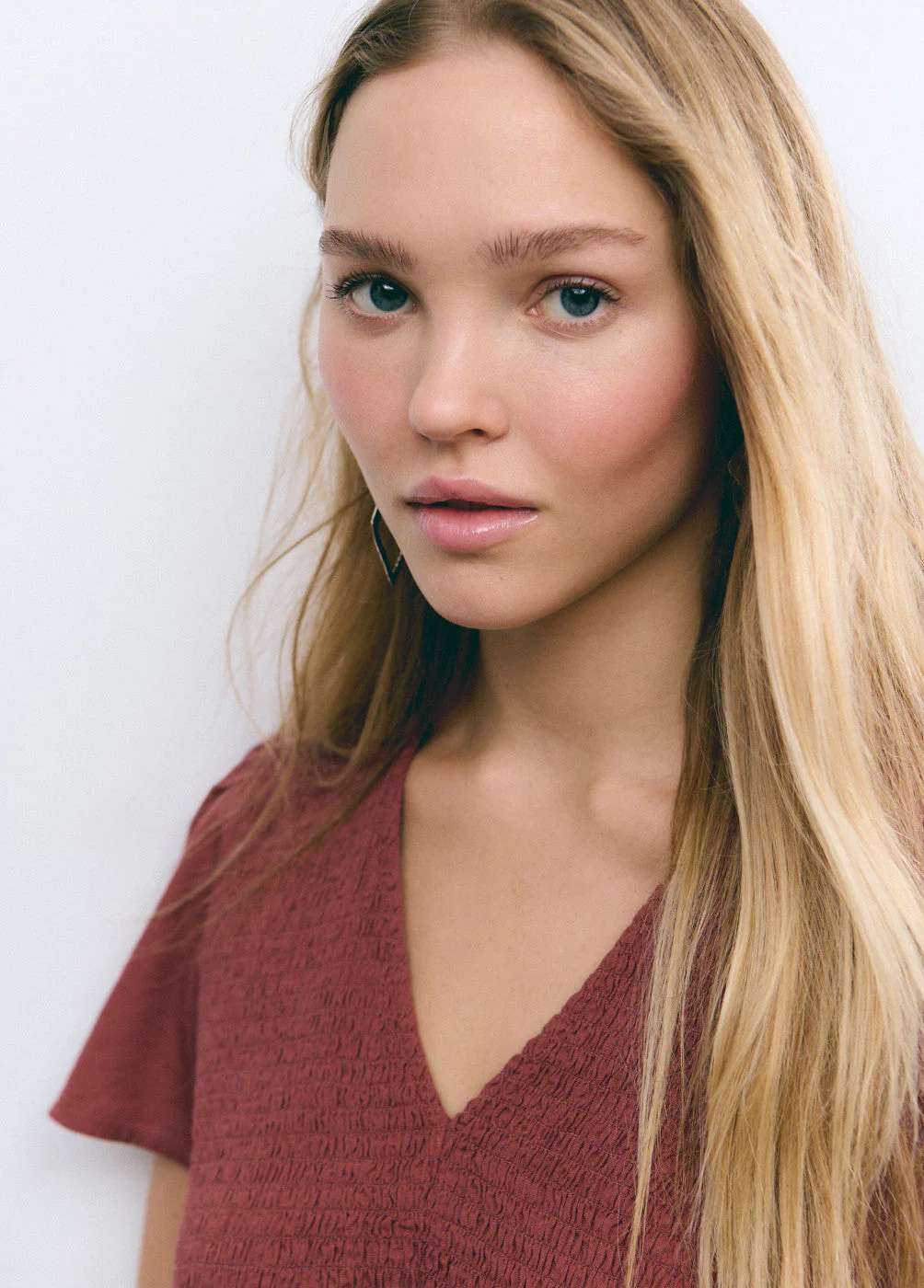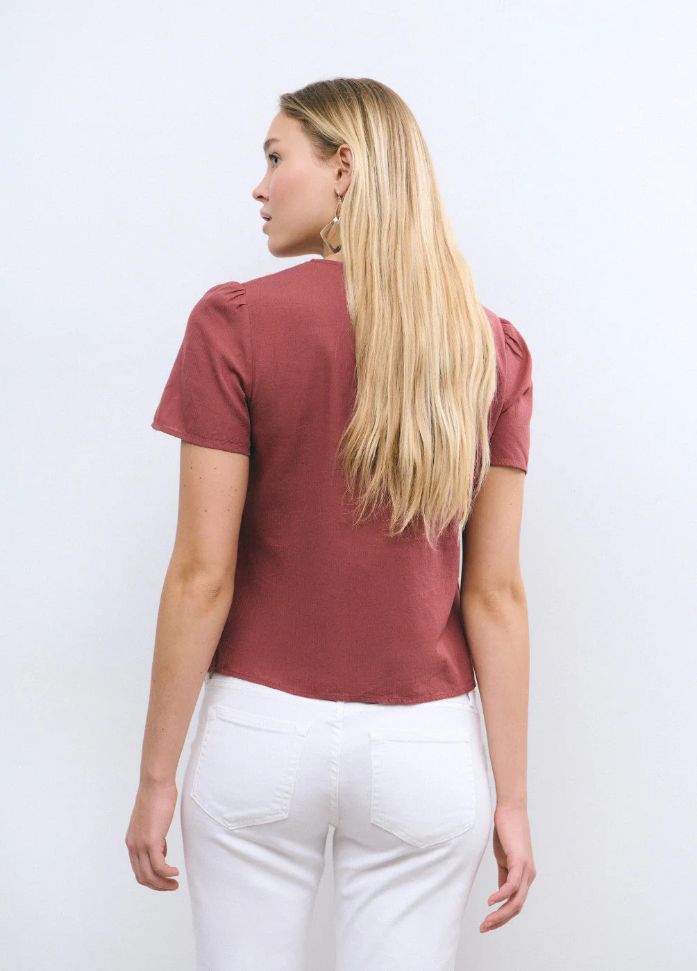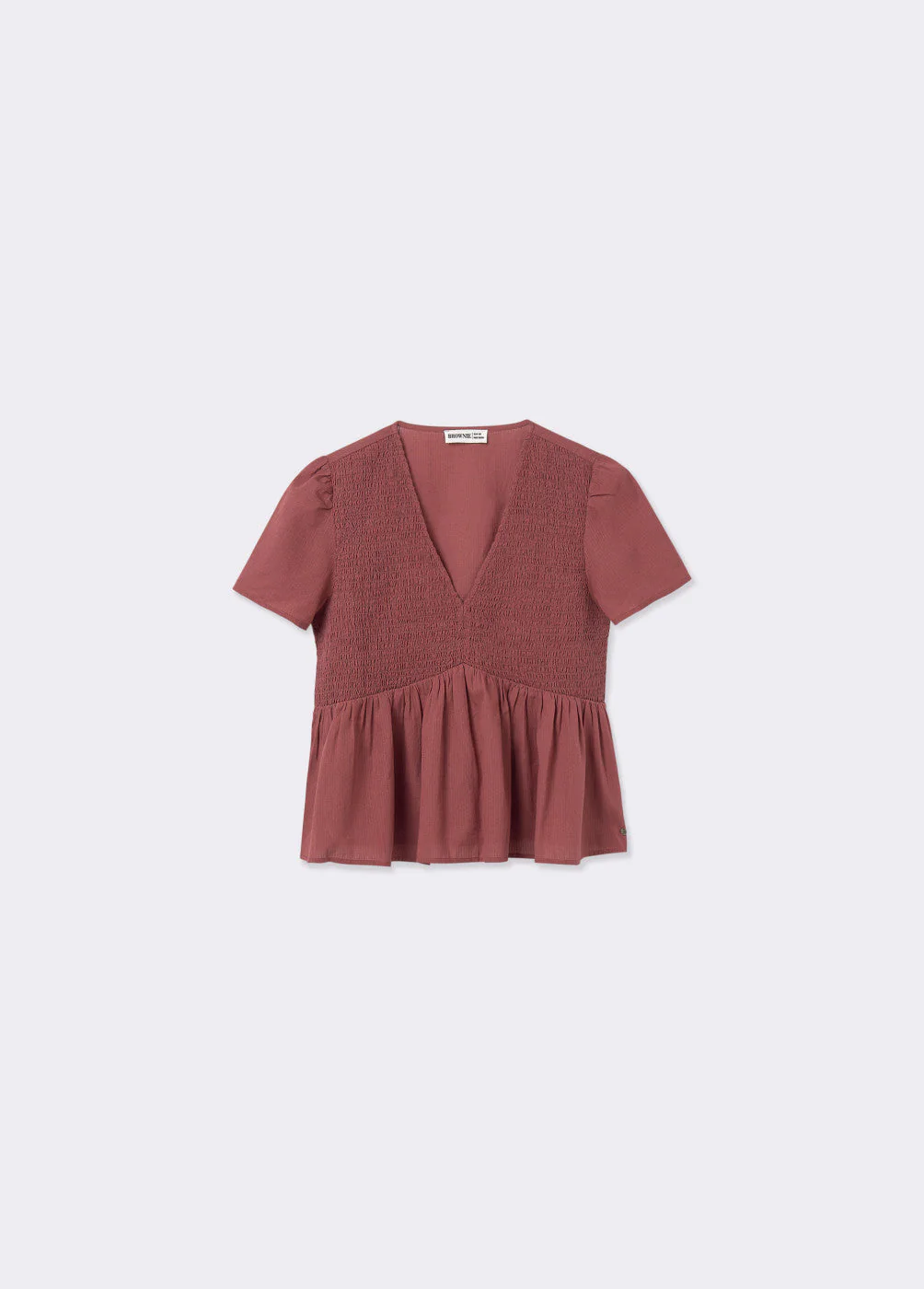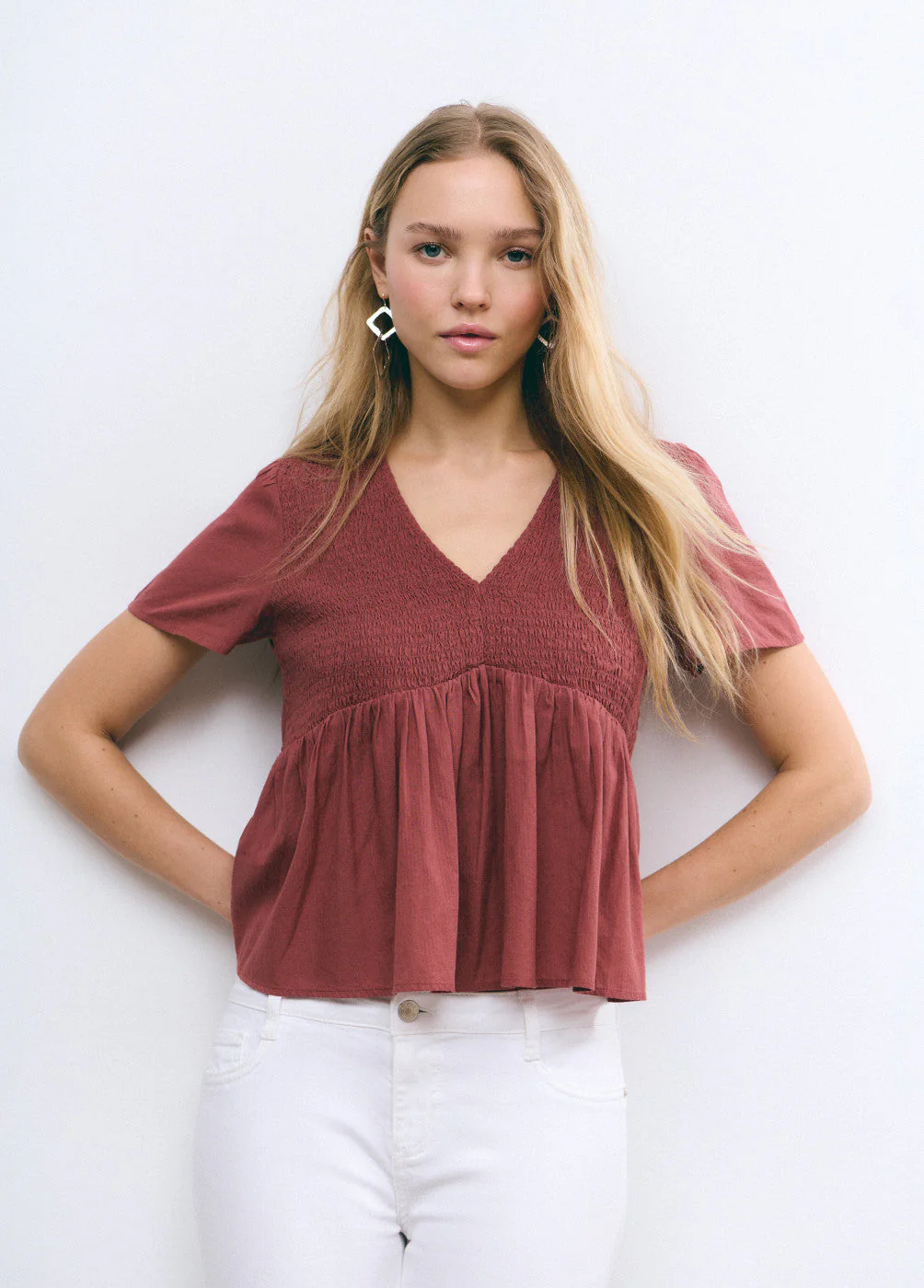 Blusa de algodón de manga corta, cuello de pico y smock en la parte superior.
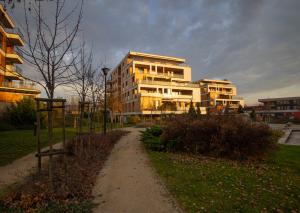 Nehnuteľnosť sa nachádza na dobrom mieste s kompletnou občianskou vybavenosťou ( potraviny FRESH a lekáreň priamo pri bytovom dome ). Uzavretý areál ponúka rezidentom udržiavanú zeleň a dostatok priestoru pre trávenie voľného času ( detské ihriská, altánok na grilovanie, fontána,....).Bezprostredná blízkosť Parku Anička, kde nájdete tenisové kurty, bežecké trate, zábavný areál a kúpalisko garantujú kľudné a prémiové bývanie na skok do centra mesta.
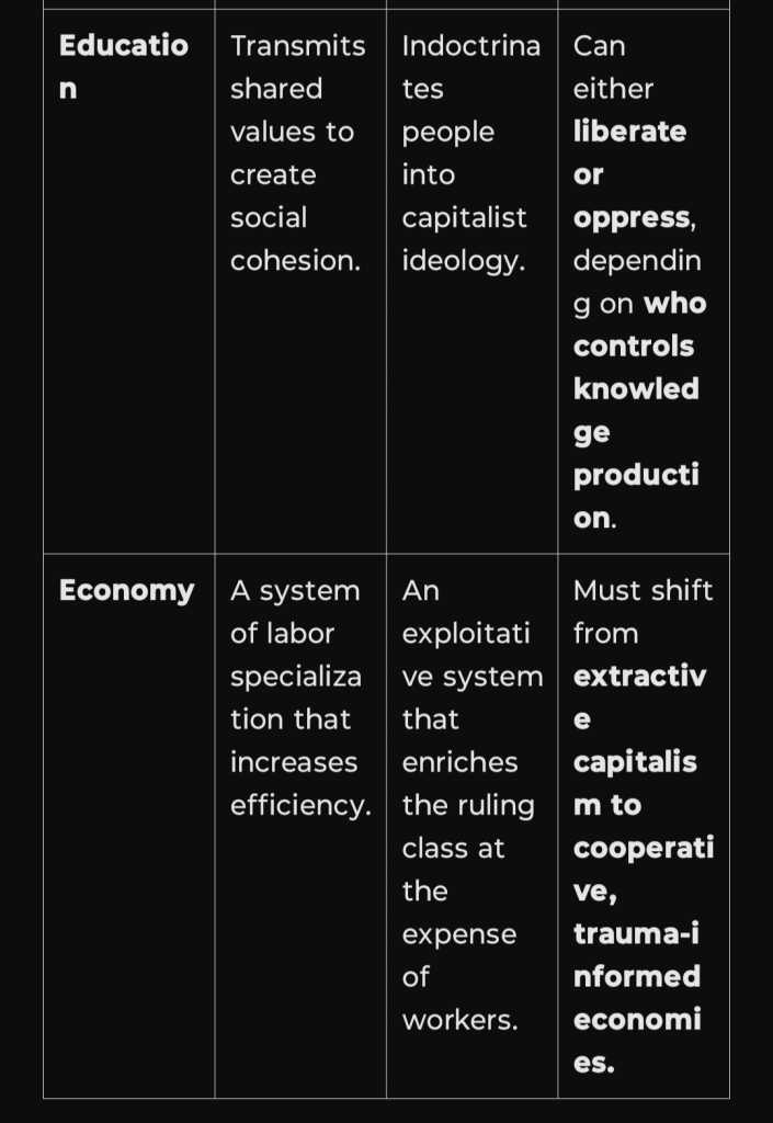 1. It deconstructs coercive systems (capitalism, ableism, adversarial governance).
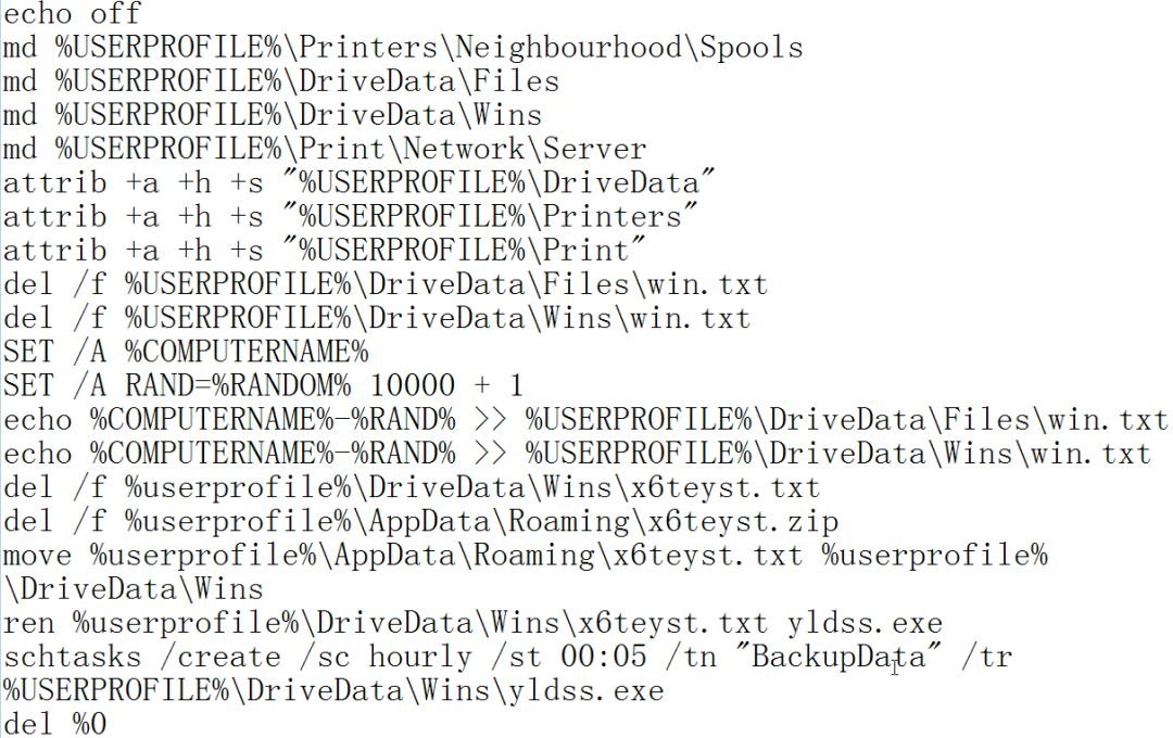 主要目的为创建隐藏文件夹,记录设备基本信息到win.txt,删除自身原文件并移动到当前用户目录%userprofile%\DriveData\Wins下,创建定时任务BackupData 实现持久化。
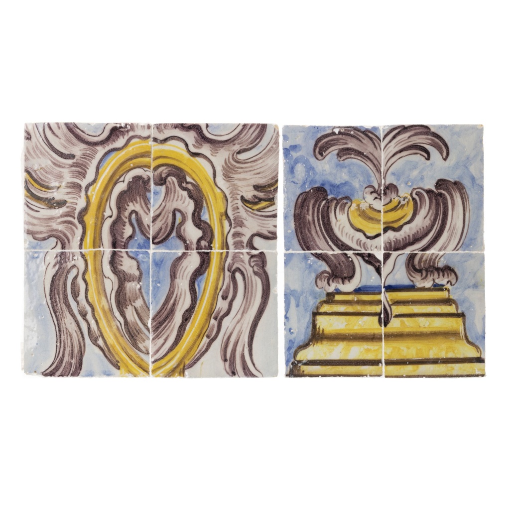 Portugueses, séc.XVIII, decoração vegetalista polícroma, paineis soltos compostos por 8 azulejos. Sinais de uso. Dim.:27,5x22cm e 27,5x27,5cm
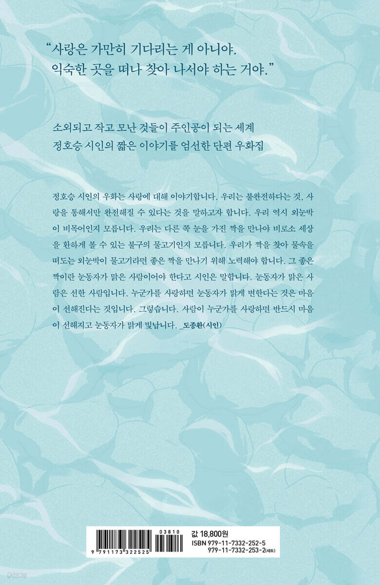 정호승 시인의 우화는 사랑에 대해 이야기합니다. 우리는 불완전하다는 것, 사랑을 통해서만 완전해질 수 있다는 것을 말하고자 합니다. 우리 역시 외눈박이 비목어인지 모릅니다. 우리는 다른 쪽 눈을 가진 짝을 만나야 비로소 세상을 환하게 볼 수 있는 불구의 물고기인지 모릅니다. 우리가 짝을 찾아 물속을 떠도는 외눈박이 물고기라면 좋은 짝을 만나기 위해 노력해야 합니다. 그 좋은 짝이란 눈동자가 맑은 사람이어야 한다고 시인은 말합니다. 눈동자가 맑은 사람은 선한 사람입니다. 누군가를 사랑하면 눈동자가 맑게 변한다는 것은 마음이 선해진다는 것입니다. 그렇습니다. 사람이 누군가를 사랑하면 반드시 마음이 선해지고 눈동자가 맑게 빛납니다. - 도종환 (시인)

## WORK REQUEST
Apart from the images, please copy every line of the data exactly as written.

## ANSWER TO THE EXERCISE
 Blusa de algodón de manga corta, cuello de pico y smock en la parte superior.
 Nehnuteľnosť sa nachádza na dobrom mieste s kompletnou občianskou vybavenosťou ( potraviny FRESH a lekáreň priamo pri bytovom dome ). Uzavretý areál ponúka rezidentom udržiavanú zeleň a dostatok priestoru pre trávenie voľného času ( detské ihriská, altánok na grilovanie, fontána,....).Bezprostredná blízkosť Parku Anička, kde nájdete tenisové kurty, bežecké trate, zábavný areál a kúpalisko garantujú kľudné a prémiové bývanie na skok do centra mesta.
 1. It deconstructs coercive systems (capitalism, ableism, adversarial governance).
 主要目的为创建隐藏文件夹,记录设备基本信息到win.txt,删除自身原文件并移动到当前用户目录%userprofile%\DriveData\Wins下,创建定时任务BackupData 实现持久化。
 Portugueses, séc.XVIII, decoração vegetalista polícroma, paineis soltos compostos por 8 azulejos. Sinais de uso. Dim.:27,5x22cm e 27,5x27,5cm
 정호승 시인의 우화는 사랑에 대해 이야기합니다. 우리는 불완전하다는 것, 사랑을 통해서만 완전해질 수 있다는 것을 말하고자 합니다. 우리 역시 외눈박이 비목어인지 모릅니다. 우리는 다른 쪽 눈을 가진 짝을 만나야 비로소 세상을 환하게 볼 수 있는 불구의 물고기인지 모릅니다. 우리가 짝을 찾아 물속을 떠도는 외눈박이 물고기라면 좋은 짝을 만나기 위해 노력해야 합니다. 그 좋은 짝이란 눈동자가 맑은 사람이어야 한다고 시인은 말합니다. 눈동자가 맑은 사람은 선한 사람입니다. 누군가를 사랑하면 눈동자가 맑게 변한다는 것은 마음이 선해진다는 것입니다. 그렇습니다. 사람이 누군가를 사랑하면 반드시 마음이 선해지고 눈동자가 맑게 빛납니다. - 도종환 (시인)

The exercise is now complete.